1. Early (Lutheran) balladry and spiritual song. Ane Compendious Booke. The Wedderburns of Dundee. Beginnings of Scottish Psalm singing (1546).

2. The Scottish Reformation Psalter: based generically on Sternhold and Hopkins, and specifically on the 1561 Edition of the Genevan Exiles’ Forme of Praiers. Completion of Psalter by General Assembly and Uniformity Act (1564). The liturgical status of psalmody in Scotland as contrasted with England. Principle of Church control and its exercise. The controversy as to ‘conclusions.’

3. The Psalmody of the Old Psalter Period (1564-1650). Contemporaneous descriptions.
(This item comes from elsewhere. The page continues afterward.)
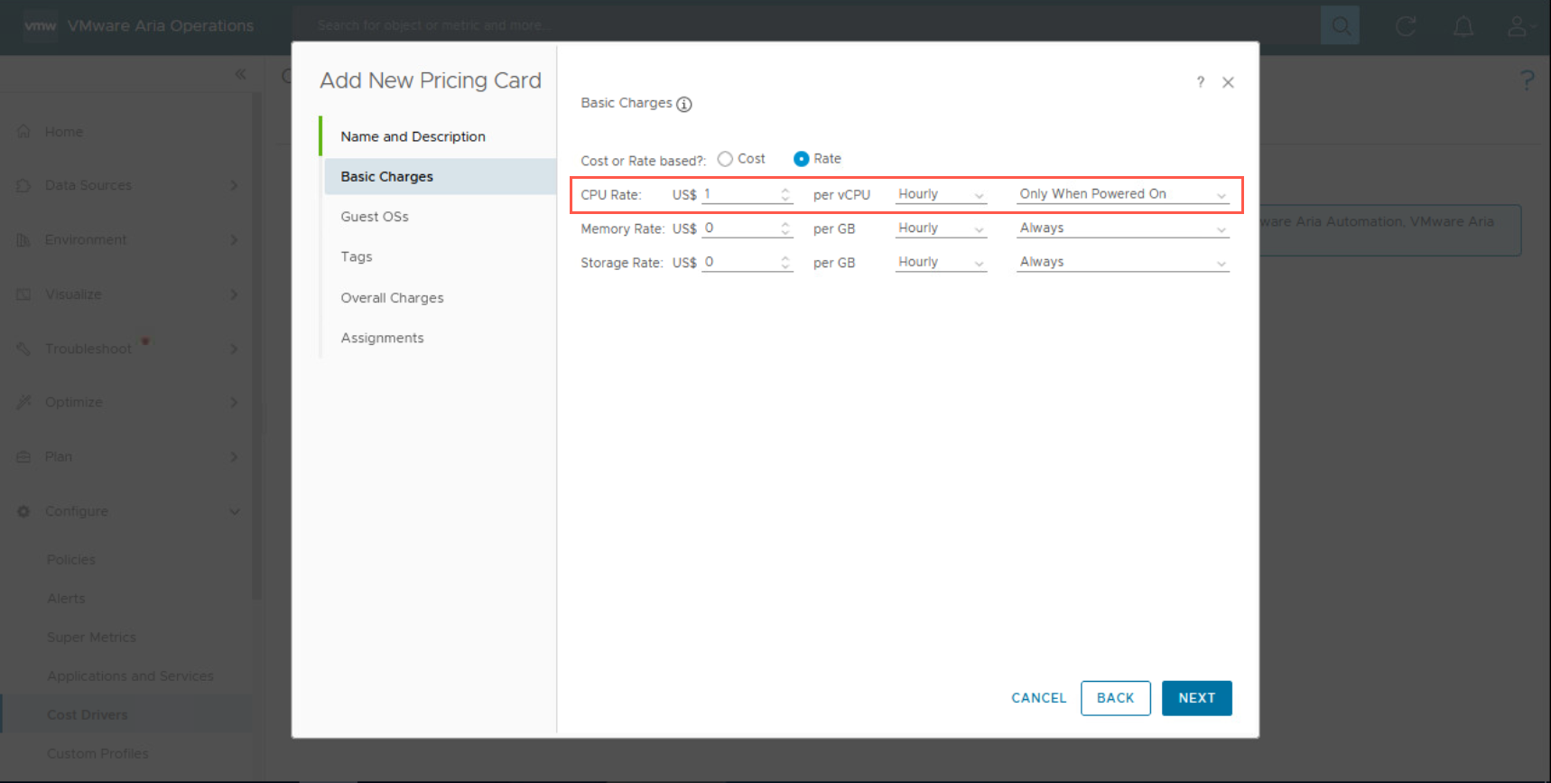 - At the Add New Pricing Card dialog, under Basic Charges, complete the following for the CPU Rate:

The song-schules, and decay of music. ‘Proper’ tunes, and rise of the “Common tunes.” Efforts to Anglicanize Scottish worship: the Psalter of King James.
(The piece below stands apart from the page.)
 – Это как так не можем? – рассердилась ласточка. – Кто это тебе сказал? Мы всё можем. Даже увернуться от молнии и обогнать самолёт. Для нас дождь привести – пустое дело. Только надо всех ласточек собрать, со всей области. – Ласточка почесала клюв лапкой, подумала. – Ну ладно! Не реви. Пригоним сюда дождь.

The Psalmody of the Westminster Assembly.

Supremacy of Sternhold and Hopkins in England threatened in time of James I (a) by the impatience of culture at separation of poetry and devotion—e. g., Geo. Wither and his Hymns and Songs of the Church, 1623; (b) by Puritan demand for a more literal version.

1. The Westminster Assembly. The Long Parliament and psalmody reform. ‘Praise’ in the Directory for Worship. Rous’ Version as the proposed new Psalter. Barton’s Version. Rivalry of the two prevents parliamentary action.
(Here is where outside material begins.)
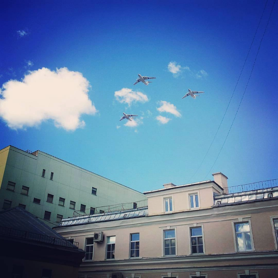 Москвичи отсняли с разных ракурсов репетицию воздушной части Парада Победы

2. The Westminster-Psalter period of Scottish Psalmody. Detrimental effects of Directory and the new Psalter (revised by General Assembly and printed without tunes in 1650). Two types of Restoration psalmody: efforts to reconstruct parochial psalmody.

The absence of hymns and efforts to add them. Simeon’s Spiritual Songs. Scottish Church becomes legislatively a hymn singing church in 1708. New movement toward hymns in 1741, inspired by Dr. Watts. Translations and Paraphrases, 1745, 1781. Enlargement of psalmody effected, but with disturbance.

The Reformed Psalmody in the American Colonies.

1. The Huguenot Psalmody, of Coligny’s colonies, and of New Amsterdam, connects American psalmody with the fountain head. The Genevan Psalter in America. The barrier of language confines it to narrow limits.

2. The Pilgrim Psalmody, at Plymouth and Salem. Ainsworth’s Booke of Psalmes set to the Genevan melodies. It merges (1667, 1692) in the Puritan psalmody.

3. The Puritan Psalmody (1629), an extension of that current in Church of England. Sternhold and Hopkins. The Puritan yearning for “purity” brings about beginnings of an American psalmody. The Bay Psalm Book, 1640: characteristics and Presbyterian use. Musical rendering.

4. The Dutch Psalmody. The Colonists’ Psalter (Dathen’s) a translation of Marot and Beza’s with the original Genevan music. Dutch characteristics. Attempt to preserve them in English Psalter of 1767. The Psalms and Hymns of 1789. The “Rule of Dort” and organization of R. P. D. Church as a hymn-singing church.

5. The Scotch-Irish Psalmody. Rous’s Version. The meagre musical equipment. Proportions of immigration elevate Rous into commanding position. The status of “the subject matter of praise” originally and under the Adopting Act.

The Reformed Psalmody in the American Presbyterian Church.

1. The Change in the type of Psalmody. Influence of the Great Awakening on psalmody. Whitefield’s part. Isaac Watts and his work. Early use of his Psalms Imitated. New York Controversy, 1744. Status as to (a) church control of psalmody; (b) subject matter of praise. The introduction of Watts slowly proceeding and always supported by Synod. The Second Church of Philadelphia case. Synod’s position.

2. The Psalmody a cause of division and controversy. Effects of Revolution in worship: low estate of psalmody. Presbyterian union and a proposed new version (1785). Barlow’s Revision of Watts, 1787. The question of hymns. The Psalmody Controversy: in Virginia, North Carolina, Kentucky.

3. The Church as a Hymn-singing Church. The Directory of Worship, 1788. Reformed Psalmody passes over to the minor Presbyterian bodies. Attempts to conserve metrical psalmody. The first hymn books. Matter of Church control. Psalm singing practically banished. Efforts to restore it. Concluding reflections.